How does Phantasus help in data analysis?

Phantasus takes GCT (Gene Cluster Text) file format as input and generates a heatmap for these genes corresponding to a certain condition or parameter like cell type, cell line, etc. that are listed in the metadata. Then, it converts them into useful visualizations which makes it easier to analyze and draw conclusions. Using this tool, users can easily analyze the gene data, differentiate between them, and find the group of genes that matches our study interest. Various statistics and differential expression techniques are used to find the difference between the genes.

  • Loading public datasets from Gene Expression Omnibus with both microarrays and RNA-seq datasets being supported.
  • Differential gene expression using limma or DESeq2.
  • Publication-ready plots with export to SVG: PCA plot, row profiles, box plots, volcano plots.
  • Clustering: k-means and hierarchical.
  • Gene set enrichment analysis.
  • Pathway enrichment analysis using EnrichR.

Phantasus on Polly

OmixAtlas on Polly is a data warehouse of millions of datasets from public, proprietary, and licensed sources. Phantasus can be accessed directly from Polly OmixAtlas.

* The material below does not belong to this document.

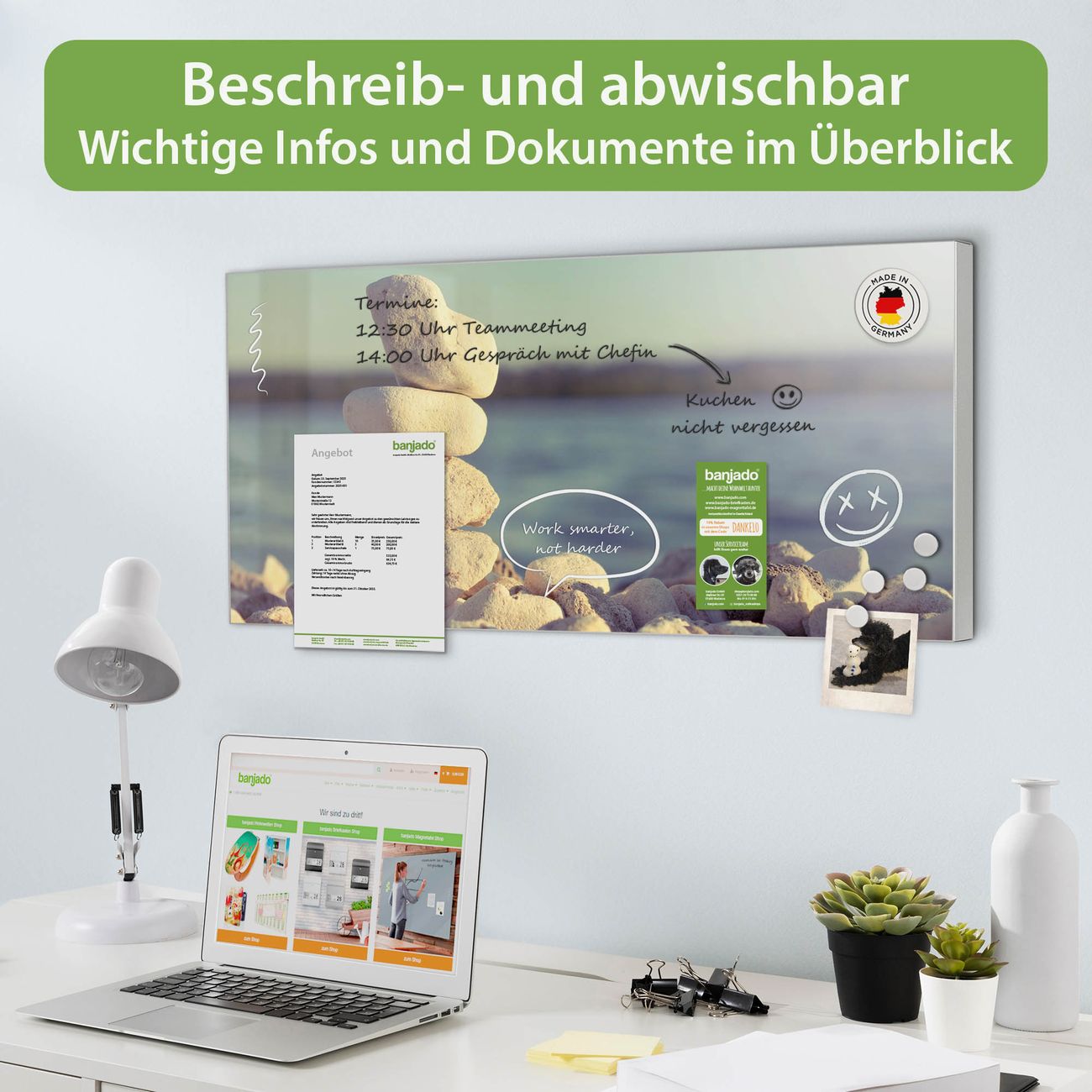 FUNKTION: Die banjado Magnettafel 78x37 cm im Design Motiv Leichte Steine vereint Funktionalität und modernes Wohndesign auf stilvolle Weise. Diese hochwertige Magnetwand aus Metall hilft Ihnen dabei, Notizen, Fotos, Termine, Einkaufslisten oder Rezepte übersichtlich zu organisieren. Als praktisches Memoboard sorgt sie für Struktur im Alltag und setzt gleichzeitig einen dekorativen Akzent an Ihrer Wand. DESIGN: Die Metalltafel besteht aus robustem, lackiertem Stahl und ist mit allen handelsüblichen Magneten nutzbar. Besonders praktisch ist die beschreibbare Oberfläche. Sie können die Magnettafel ganz einfach mit Kreidestiften beschriften und die Inhalte bei Bedarf mit einem feuchten Tuch wieder entfernen. So eignet sich das Memoboard ideal für Wochenpläne, Menüpläne, To Do Listen oder kreative Botschaften. DETAILS: Mit ihrem großzügigen Querformat von 78x37 cm bietet die Magnettafel ausreichend Platz für Ihre Organisation. Das Motiv Motiv Leichte Steine bringt eine warme, natürliche Optik in Küche, Flur, Büro oder Homeoffice und wirkt auch ohne Magnete oder Beschriftung wie ein modernes Wandbild. NUTZEN: Auf der Rückseite befinden sich vorgefertigte Löcher für eine schnelle und unkomplizierte Wandmontage. Jede banjado Magnettafel wird in Deutschland gefertigt und steht für Qualität, Langlebigkeit und liebevolle Verarbeitung. Dieses beschreibbare Memoboard ist die perfekte Kombination aus Metalltafel, Designobjekt und praktischer Magnetwand für Ihren Alltag. BANJADO: Wir sind ein kleines Team aus dem Herzen von Sachsen. Wir fertigen alle Artikel von Hand für Sie an, Sie erhalten keine preiswerte Importware. Auf Wunsch können Sie auch Ihr eigenes Foto auf die Magnettafel aufbringen, schreiben Sie uns an. Herzlichst, Ihr banjado-Team

The curated datasets available on the OmixAtlas allow seamless integration of the Phantasus app and analysis of data without the need for preprocessing.

Phantasus user journey through Polly OmixAtlas

Find relevant datasets

Users can find relevant datasets using the powerful search bar on the OmixAtlas homepage. Salient features of the search bar are -

  • The search bar is driven by Elasticsearch which allows users to search with keywords and long queries.
  • The keywords are present across source metadata (title, description, and study design) and curated metadata (cell type, cell line, tissue, drug, etc.).
  • It allows fuzzy search, for example, if users search for 'transcriptomics', it will show results for 'transcript' and 'transcriptome' as well.
  • There are operators such as 'exact', 'and', 'or', 'not', and 'group' for better search.

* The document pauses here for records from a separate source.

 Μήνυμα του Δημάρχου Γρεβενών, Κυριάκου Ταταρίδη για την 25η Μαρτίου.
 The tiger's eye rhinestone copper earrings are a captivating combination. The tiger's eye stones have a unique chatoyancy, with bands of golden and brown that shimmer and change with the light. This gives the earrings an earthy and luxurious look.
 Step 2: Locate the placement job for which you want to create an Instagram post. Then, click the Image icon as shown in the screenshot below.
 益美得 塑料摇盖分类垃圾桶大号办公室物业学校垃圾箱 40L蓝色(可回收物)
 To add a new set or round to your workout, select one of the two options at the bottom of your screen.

Other than the search bar, users can filter the datasets using configurable filters. A detailed description of how to find datasets can be found here.

Starting Phantasus

Step 1 - Selection of dataset of interest

Select the dataset of interest, click on 'Options', and then click on 'Analyze'.

Selecting dataset

Figure 1. Selecting Dataset

Step 2 - Open the Phantasus application

After clicking 'Analyze', a side window opens up. Select 'Phantasus' application and fill in the details about the name and workspace where the analysis is to be saved.

Opening Phanatsus

Figure 2. Starting the Application

Phantasus Dashboard

Preparing the dataset for analysis

Phantasus Dashboard

Figure 3. Phantasus Dashboard

As shown in the above figure, rows on the heatmap correspond to genes. The columns correspond to samples which are annotated titles, GEO sample accession identifiers, and custom curated fields which are annotated when each dataset is ingested into Polly.

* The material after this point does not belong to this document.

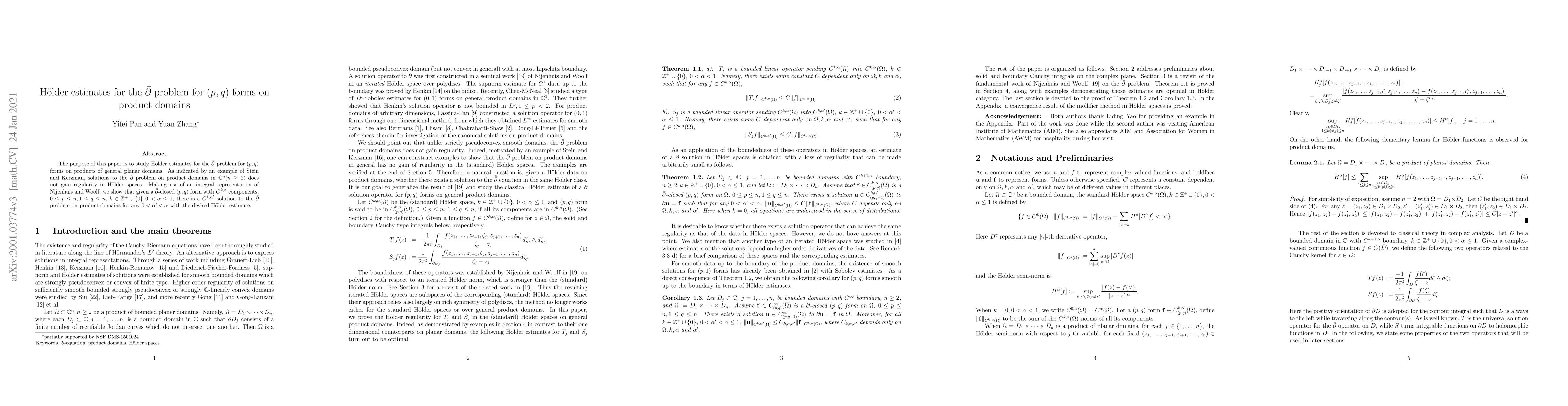 This paper investigates H\"older estimates for the $\bar\partial$ problem for $(p,q)$ forms on product domains of general planar domains, demonstrating that solutions retain regularity in H\"older spaces despite the lack of such regularity in Stein and Kerzman's example. Using an integral representation by Nijenhuis and Woolf, it proves the existence of a $C^{k, \alpha'}$ solution for any $0<\alpha'<\alpha$.

Adjusting expression values

Adjusting expression values to the log scale is an essential step in the analysis that helps in the normalization of the data. Raw data on OmixAtlas has gene counts that are not normalized. Data imported from OmixAtlas is normalized by default on Phantasus. Data is normalized using Variance Stabilization Transformation (VST) method. VST aims to generate a matrix of values for which variance is constant across the range of mean values, especially for low mean.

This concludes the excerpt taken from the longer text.